Provide standard ways for people to link data into a publication (email, thesis, paper, blog post, Google Wave :-) in such a way that downstream sites can choose to do something useful with the link. Like, for example if you link to a sound file, do so in a way that makes it clear to downstream applications that that's what you have done, so they can embed a player, or if you link to chemistry then they could embed a chemical viewer (that rotating 3d molecule trick is still very popular around here).
Allow you to mark up the content of a document to show what it's about, like the Microsoft Word Ontology Add-in, but in a form that will work for everyone.
Provide some standard machine-readable ways to do citations using links.
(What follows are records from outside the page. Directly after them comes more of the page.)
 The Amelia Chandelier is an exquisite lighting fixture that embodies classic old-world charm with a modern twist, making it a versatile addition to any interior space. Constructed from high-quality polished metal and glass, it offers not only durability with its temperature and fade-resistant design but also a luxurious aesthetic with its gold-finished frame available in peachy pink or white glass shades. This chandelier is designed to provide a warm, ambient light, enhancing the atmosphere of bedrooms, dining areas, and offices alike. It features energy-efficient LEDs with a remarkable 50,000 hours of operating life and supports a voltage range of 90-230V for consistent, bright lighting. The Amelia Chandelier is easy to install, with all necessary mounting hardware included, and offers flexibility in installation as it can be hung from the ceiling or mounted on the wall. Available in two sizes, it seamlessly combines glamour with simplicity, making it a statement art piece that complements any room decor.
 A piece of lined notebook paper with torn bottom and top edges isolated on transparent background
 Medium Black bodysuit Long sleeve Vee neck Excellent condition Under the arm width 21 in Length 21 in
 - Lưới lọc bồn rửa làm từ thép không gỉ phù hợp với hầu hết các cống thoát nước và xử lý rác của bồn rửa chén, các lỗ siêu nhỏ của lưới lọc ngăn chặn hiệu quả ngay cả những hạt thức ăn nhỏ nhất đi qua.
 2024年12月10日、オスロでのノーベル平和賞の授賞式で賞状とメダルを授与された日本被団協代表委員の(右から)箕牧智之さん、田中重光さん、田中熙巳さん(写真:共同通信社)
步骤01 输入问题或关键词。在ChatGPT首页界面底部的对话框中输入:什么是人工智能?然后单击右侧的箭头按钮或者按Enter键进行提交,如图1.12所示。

I'm imagining a kind site with a nice web wizard that lets you construct these links so you can drop them into a blog post or a paper or a wiki. The ANDS Identify my Data service for example could give you a wizard to not only identify the data but what you mean by it. And ANDS and/or People Australia could provide URIs not only for a person, but for that person in different roles; author, editor, subject etc. Duncan Dickinson points out that as usable interface between authors and ontologies is going to be really important. Most of them wouldn't know an ontology if it crawled into their lap.
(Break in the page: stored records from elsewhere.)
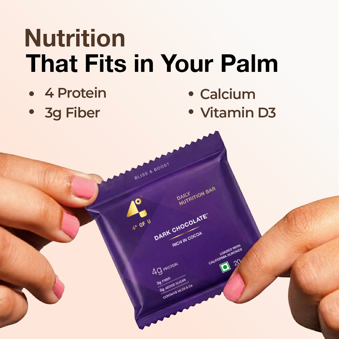 Rich cocoa paired with nutrient-packed goodness - your daily guilt-free dose of chocolate! Designed for Women High protein (12g), high fiber (10g) and 0g added sugar, all the while giving you complete nutrition for your metabolic, bone, muscular and hormonal health. Anti-inflammatory Science-backed blend of Turmeric & Ginger help manage your body's inflammation levels. Black pepper ensures you absorb the Curcumin from the Turmeric better. Stronger Bones Enriched with 25% of your daily dose of Calcium & Vitamin D3, critical for bone health & immunity. Digestive Fiber Whole Chia & Flax seeds are the fiber powerhouses in every bar which work to keep your digestive track moving.
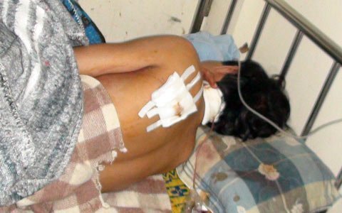 Bệnh nhân Son vào viện với 3 vết thương: Vết thương gối trái, vỡ xương bánh chè, phải phẩu thuật cầm máu, phục hồi bao khớp. Vết thương cánh tay trái dài 7cm, vết thương khủy tay trái dài 8cm đứt gân duỗi, khâu phục hồi.
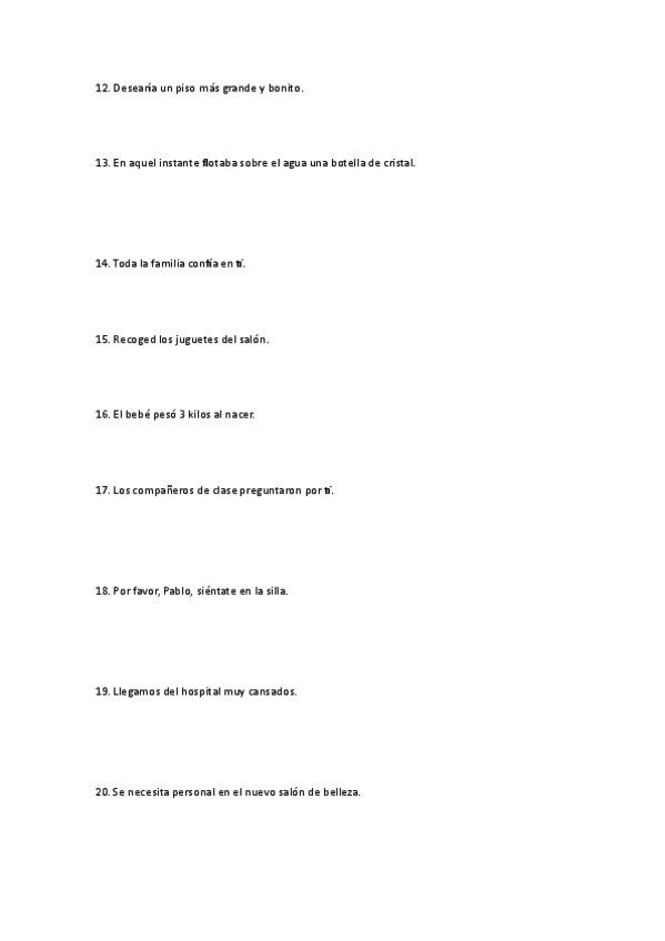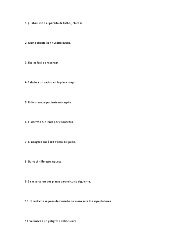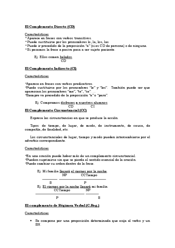 todos los complementos explicados, sujetos y predicados, el verbo, formas impersonales

I think that the ANDS crew might be working on some kind of online storehouse for ontologies and taxonomies and I reckon my extra wizard service would be a really simple but useful addon. We would love to be able to build support for this into our word processing toolbars, our conversion services and into institutional repositories, not to mention The Fascinator, which could expose these semantically rich URIs for every bit of data on researcher's local disks.

Project: Trying the ANDS RIF-CS collection metadata schema with real desktops

We have been working on The Fascinator desktop, with a broad range of users in mind, but we have one key user (not that she has the software yet but we're getting there). That's Leonie Jones – who has loads of video, transcripts, geo data around the battle of Fire Support Base Coral. Leonie has made a film with this material but there is lots more that goes with her PhD thesis. I think we should look at how Leonie and colleagues in Chris Lee's Public Memory Research Centre might be able to describe their collections in such a way that we can advertise them to the data Commons using the Registry Interchange Format - Collections and Services (RIF-CS). To pull this off we need ways for users to label data and state which bits can be released publicly and we will probably need a research-centre-level repository server which can do the talking to the ANDS systems.
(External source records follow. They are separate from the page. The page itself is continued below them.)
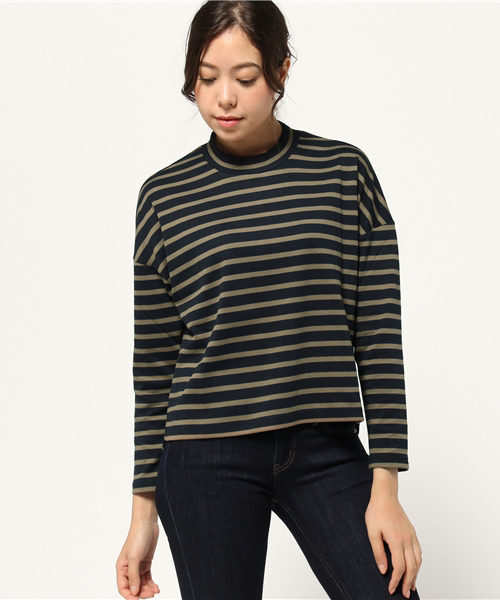 ソフトな肌触りが心地よい綿スムース素材を使用したカットプルオーバー。 キュッと詰まったハイネックもクラシックなトレンド感を与え、上品な表情を添えるポイント!ほどよいフィット感に、バランスの取りやすいコンパクトな着丈で、合せるアイテムを問わないのも嬉しい◎ 着こなしのアクセント使いにもぴったりなボーダー柄のアイテムは、今季のトレンドでもあるキャミ合わせのモダンガーリーなレイヤードスタイルもおすすめです。
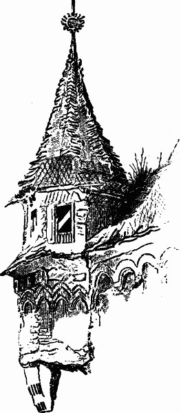 Many of us are familiar with the ordinary form of the Italian bell-tower or campanile. From the eighth century to the thirteenth there was little change in that form:8 four-square, rising high and without tapering into the air, story above story, they stood like giants in the quiet fields beside the piles of the basilica or the Lombardic church, in this form (fig. 9), tiled at the top in a flat gable, with open arches below, and fewer and fewer arches on each inferior story, down to the bottom. It is worth while noting the difference in form between these and the towers built for military service. The latter were built as in fig. 10, projecting vigorously at the top over a series of brackets or machicolations, with very small windows, and no decoration below. Such towers as these were attached to every important palace in the cities of Italy, and stood in great circles—troops of towers—around their external walls: their ruins still frown along the crests of every promontory of the Apennines, and are seen from far away in the great Lombardic plain, from distances of half-a-day's journey, dark against the amber sky of the horizon. These are of course now built no more, the changed methods of modern warfare having cast them into entire disuse; but the belfry or campanile has had a very different influence on European architecture. Its form in the plains of Italy and South France being that just shown you, the moment we enter the valleys of the Alps, where there is snow to be sustained, we find its form of roof altered by the substitution of a steep gable for a flat one.9 There are probably few in the room who have not been in some parts of South Switzerland, and who do not remember the beautiful effect of the gray mountain churches, many of them hardly changed since the tenth and eleventh centuries, whose pointed towers stand up through the green level of the vines, or crown the jutting rocks that border the valley.
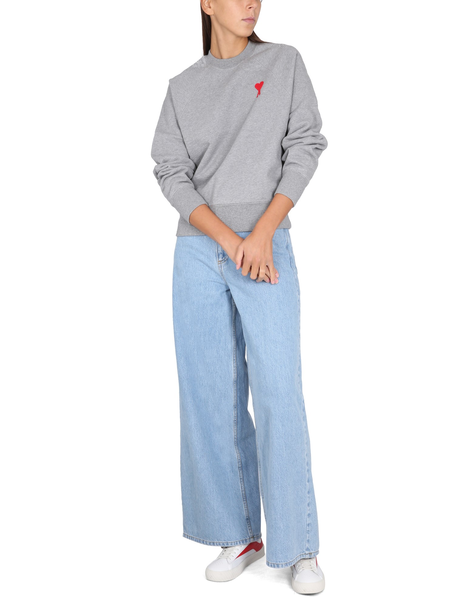 This sweatshirt is made of a lightweight, breathable, and soft cotton blend fabric. It is a basic, comfortable piece for any day. The sweatshirt has a crew neck, long sleeves, and logo print at the left chest. This sweatshirt is made from a durable cotton blend fabric that is soft and comfortable.
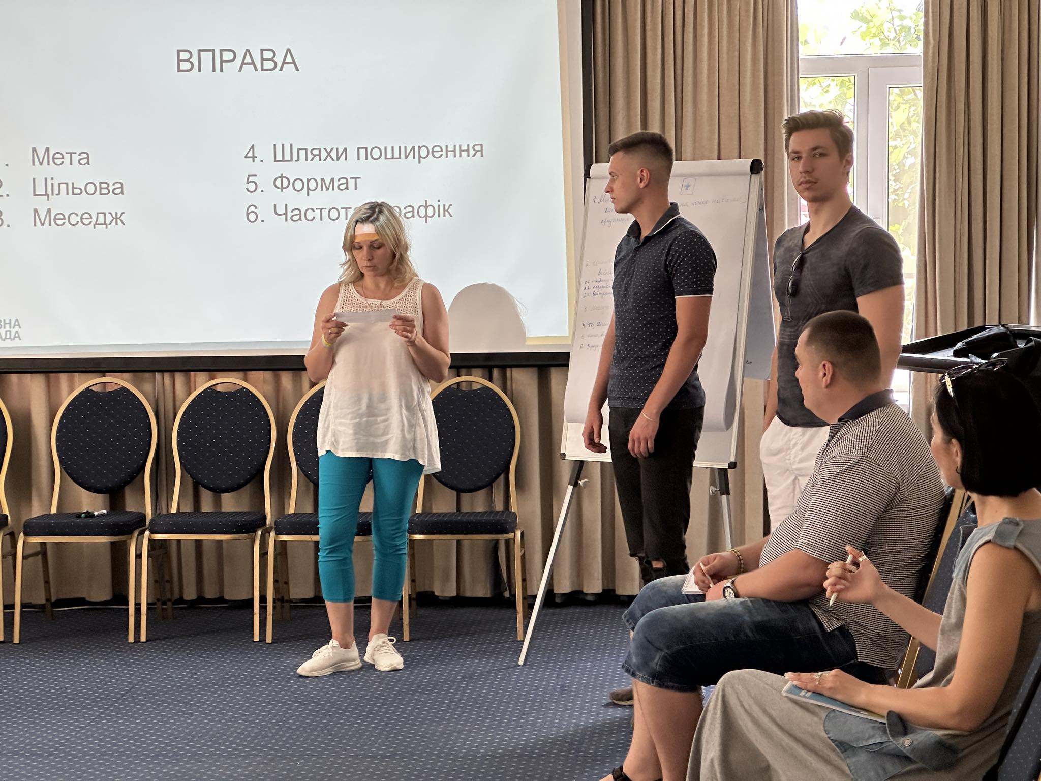 Олеся Лапікова, комунікаційна координаторка ВІ «Активна Громада», керівниця громадських проєктів, волонтерка, розповіла учасникам, як ефективно запускати та супроводжувати інформаційні кампанії.
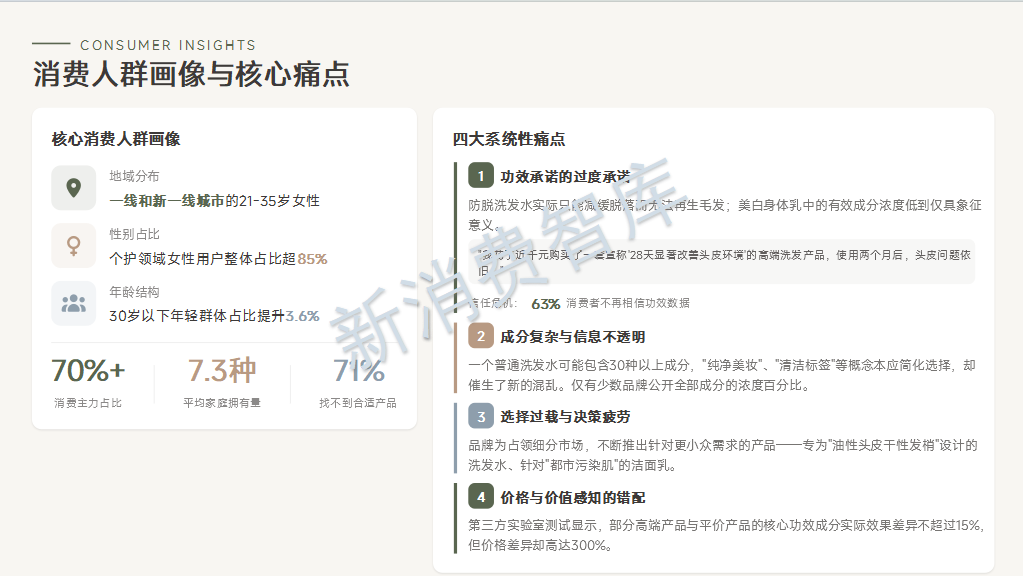 这种“丰裕中的匮乏”反映了行业细分策略的副作用。品牌为占领细分市场,不断推出针对更小众需求的产品——专为“油性头皮干性发梢”设计的洗发水、针对“都市污染肌”的洁面乳、适合“硬水地区”的沐浴露。

We're hoping to build software that can be customized to work with any data set but which will generalize across disciplines.

Project: ASHT - “Australasian Scholarly HTML Theses”

Finally, something I mentioned in my post on what USQ could do to assert itself as an open access institution; theses. TheAustralasian Digital Thesis program (ADT) is now mature, and theses from across Australia routinely go onto the web, if only in PDF format. One of the best ways we could seed a data commons, and influence researcher practice would be to start with the earliest of early career researchers. I'd love to see a project which took a few small cohorts of PhD, Masters and Honours students and gave them the kinds of tools we are developing to manage their stuff and to write about it, in a way that will bring on the semantic web. This is definitely under consideration at USQ, but it may be of interest to the broader community here in Australia. (USQ has some responsibilities to ADT via our hosting of CAIRSS but we are still working out what our role will be).

1 I dare you to call her Cathy. Go on.